[petsc-users] Understanding matmult memory performance
Lawrence Mitchell
lawrence.mitchell at imperial.ac.uk
Fri Sep 29 06:19:54 CDT 2017
Dear all,
I'm attempting to understand some results I'm getting for matmult performance. In particular, it looks like I'm obtaining timings that suggest that I'm getting more main memory bandwidth than I think is possible.
The run setup is using 2 24 core (dual socket) ivybridge nodes (Xeon E5-2697 v2). The specced main memory bandwidth is 85.3 GB/s per node, and I measure a STREAM triad bandwidth using 48 MPI processes (two nodes) of 148.2 GB/s. The last level cache is 30MB (shared between 12 cores)
The matrix I'm using is respectively a P1, P2, and P3 discretisation of the Laplacian on a regular tetrahedral grid.

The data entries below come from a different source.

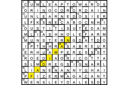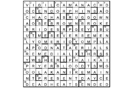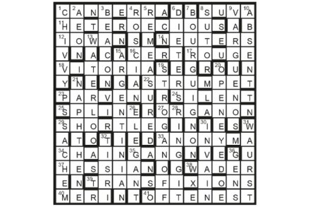 Clockwise round the grid from 21 runs a timely quotation (9,5,3,5,2,7,3,11,5) (in ODQ) followed by the initials of its author, a 2/5. The source is 18/17. Across 8 Plump for some drinks and a sandwich (5) 9 Law-officer fills ditch for president (6) 10 Passé person knows Beatrix by name (7, hyphened) 12 Classy
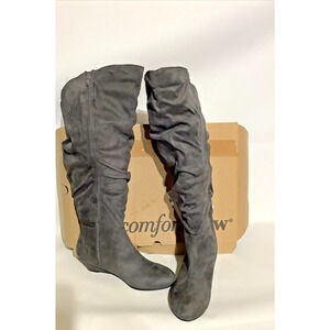 NEW Comfortview Tamara Knee Boots 9M Wide Calf Muscular Legs Shirred Slate Gray
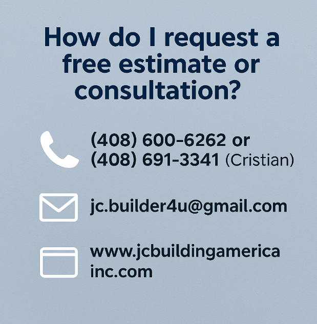 It’s easy! You can call us directly at (408) 600-6262 or (408) 691-3341 (Cristian) during our business hours (Monday–Saturday, 8 AM to 5 PM). You can also email us at jc.builder4u@gmail.com or visit our website at www.jcbuildingamericaninc.com. We’ll schedule a visit, listen to your needs, and provide a detailed, no-obligation estimate tailored to your project.
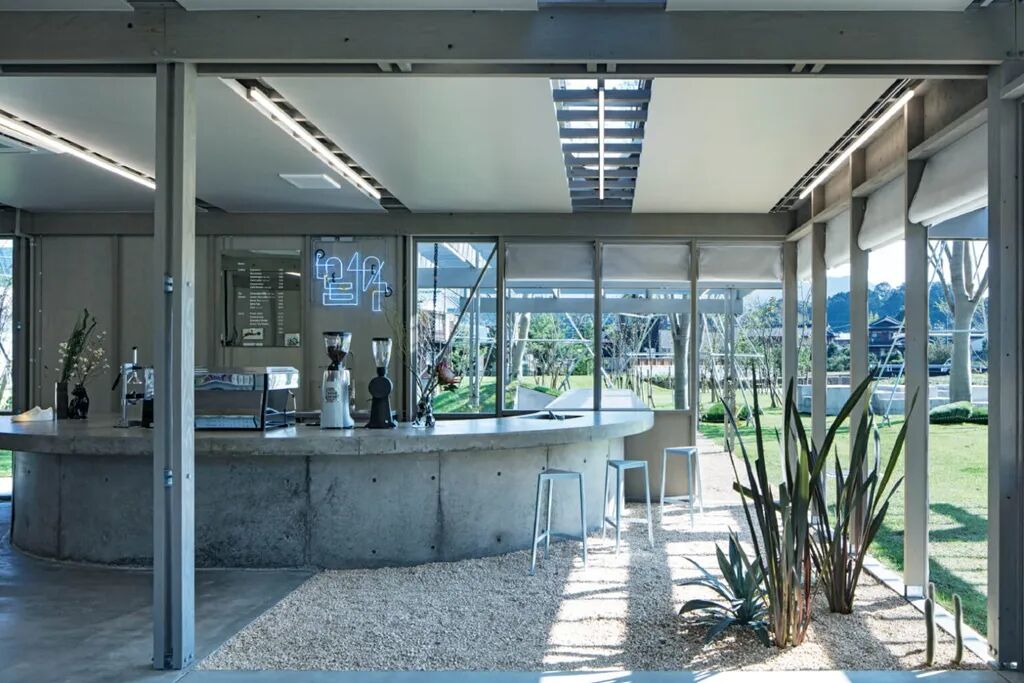 咖啡馆里,8米长的弧形砂浆桌台也从室内延伸到半室外,阳光明媚的日子里,客人们可以坐在露台上,吹着微风,享受一个美好的下午。
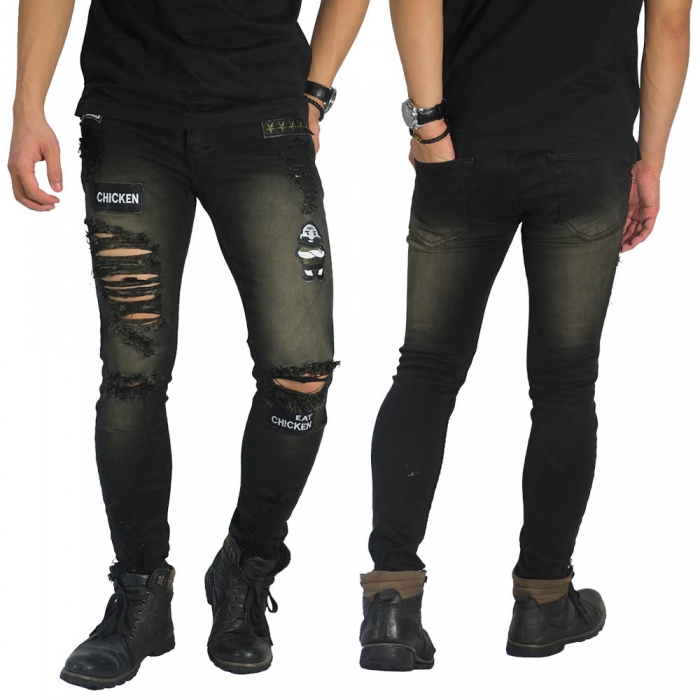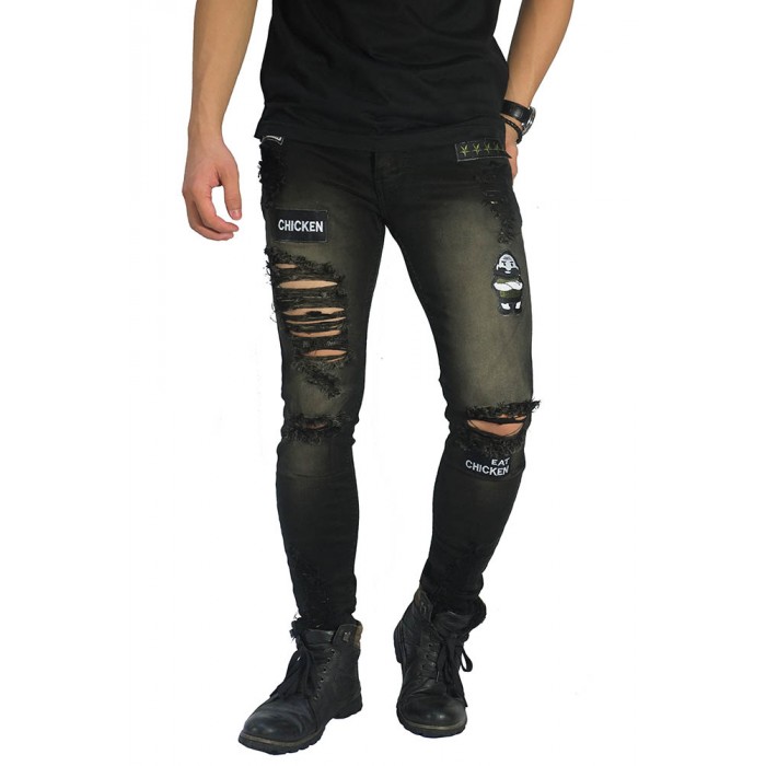 Jeans Frayed Ripped PUBG Eat Chicken Black Washed
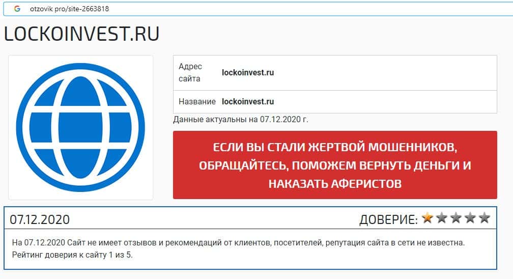 Доверять мошеннической организации Locko Invest не рекомендуем, поскольку судя по всему аферисты подчищают информацию о своей компании удаляя отзывы в сети-интернет.
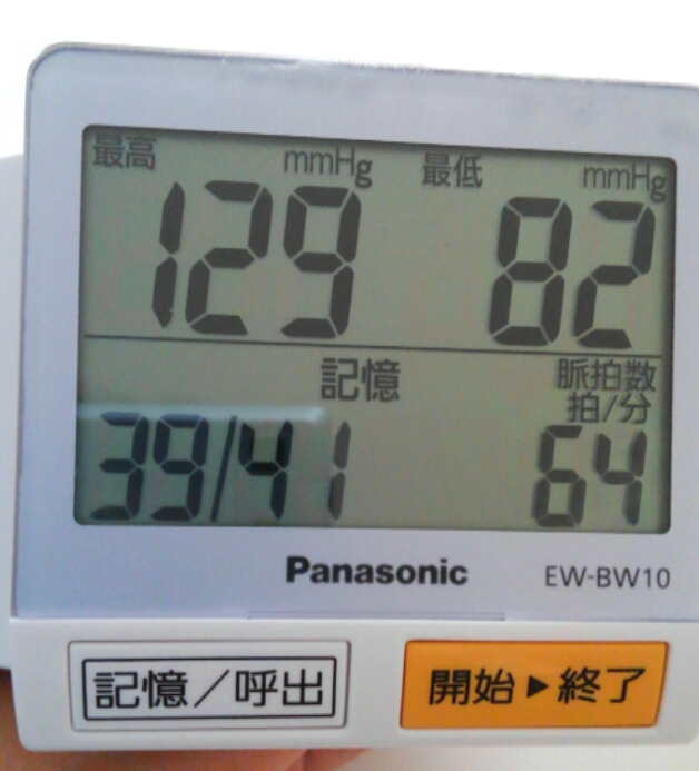 測り始めてからゆっくりと血圧が下がり始め、今はほぼ正常値です。

The matrix sizes are respectively:
P1:
Mat Object: 48 MPI processes
type: mpiaij
rows=8120601, cols=8120601
total: nonzeros=120841801, allocated nonzeros=120841801
total number of mallocs used during MatSetValues calls =0
not using I-node (on process 0) routines
P2:
Mat Object: 48 MPI processes
type: mpiaij
rows=8120601, cols=8120601
total: nonzeros=231382401, allocated nonzeros=231382401
total number of mallocs used during MatSetValues calls =0
not using I-node (on process 0) routines
P3:
Mat Object: 48 MPI processes
type: mpiaij
rows=13997521, cols=13997521
total: nonzeros=674173201, allocated nonzeros=674173201
total number of mallocs used during MatSetValues calls =0
not using I-node (on process 0) routines
Both sizeof(PetscScalar) and sizeof(PetscInt) are 8 bytes.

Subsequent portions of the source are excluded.